Icahn takes interest in, and piece of, MGI Pharma

The shareholder activist, who has invested in biotech firms in recent years, took a $17.8 million stake in the Bloomington business.

By Janet Moore, Star Tribune

Buried in a securities filing this week was the news that billionaire investor Carl Icahn has trained his eye on MGI Pharma Inc., a relatively tiny biopharmaceutical company based in Bloomington.

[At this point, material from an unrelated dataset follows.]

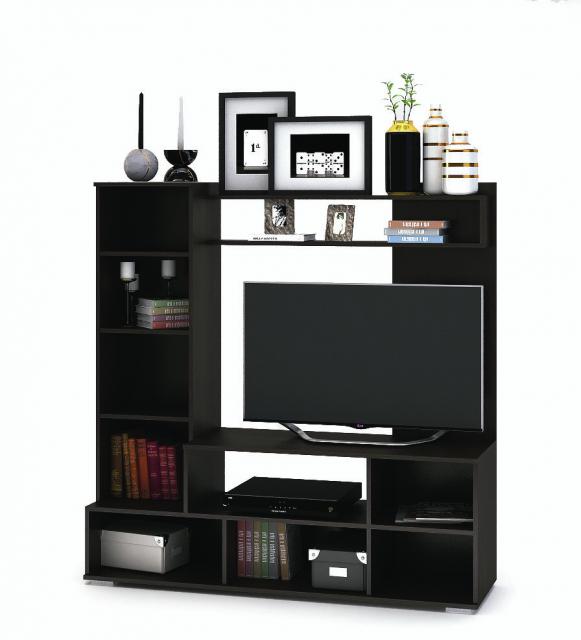 Строгий дизайн элементов стенки под ТВ позволяет создать ощущение не загруженного пространства, а контрастная расцветка придает всему гарнитуру выразительности.

Icahn Capital Management bought a $17.8 million stake in MGI Pharma, which markets drugs for the cancer and acute-care markets. The stake is relatively small -- 606,518 shares, or 0.75 percent of the company's outstanding shares.

The 71-year-old shareholder activist -- who cut his teeth as a corporate raider in the 1980s -- buys stock in companies he believes are undervalued, often pressuring them to make changes in management, appoint him to their boards or to buy back stock.

Icahn's financial interests over the years have been vast, including TWA, RJR Nabisco and, more recently, Motorola and Blockbuster. But Icahn, born in Queens and educated at Princeton, is no stranger to biotechnology companies.

The same Nov. 13 Securities and Exchange Commission (SEC) filing indicates that he also bought a 1 percent stake in Cambridge, Mass.-based Genzyme Corp., one of the world's best-known biotech companies, with $3.2 billion in annual revenue.

Last spring, after Icahn bought a stake in the Maryland-based biotechnology firm MedImmune Inc., the company was sold to drug giant AstraZeneca PLC. The $15.6 billion deal prevented a potentially nasty proxy fight with Icahn, who threatened to nominate a slate of opposing directors unless the company put itself up for sale.

It's unclear what Icahn and his team have planned for MGI Pharma. A call to his New York office Friday seeking comment was not returned. MGI Pharma CEO Lonnie Moulder declined to comment this week about Icahn's SEC filing.

Several analysts who follow MGI Pharma also declined to comment about the Icahn news.

"It's really a very small stake, so it's hard to say what will happen," said Leerink Swann & Co. analyst Howard Liang, who rates the stock "outperform."

Moulder said he remains bullish about MGI Pharma's prospects -- noting that its signature drug, Aloxi, has rebounded nicely after being battered by a generic competitor made by pharma giant GlaxoSmithKline.

In addition, data regarding MGI's drug Dacogen, which treats several bone marrow diseases, will be released next month during the American Society of Hematology annual meeting.

One clinical trial involving Dacogen that will be released at the meeting was conducted by the M.D. Anderson Cancer Center in Houston, and tracked the survival rate of 115 patients.

MGI Pharma's stock declined 65 cents Friday, closing at $29.36, close to its 52-week high of $33.80.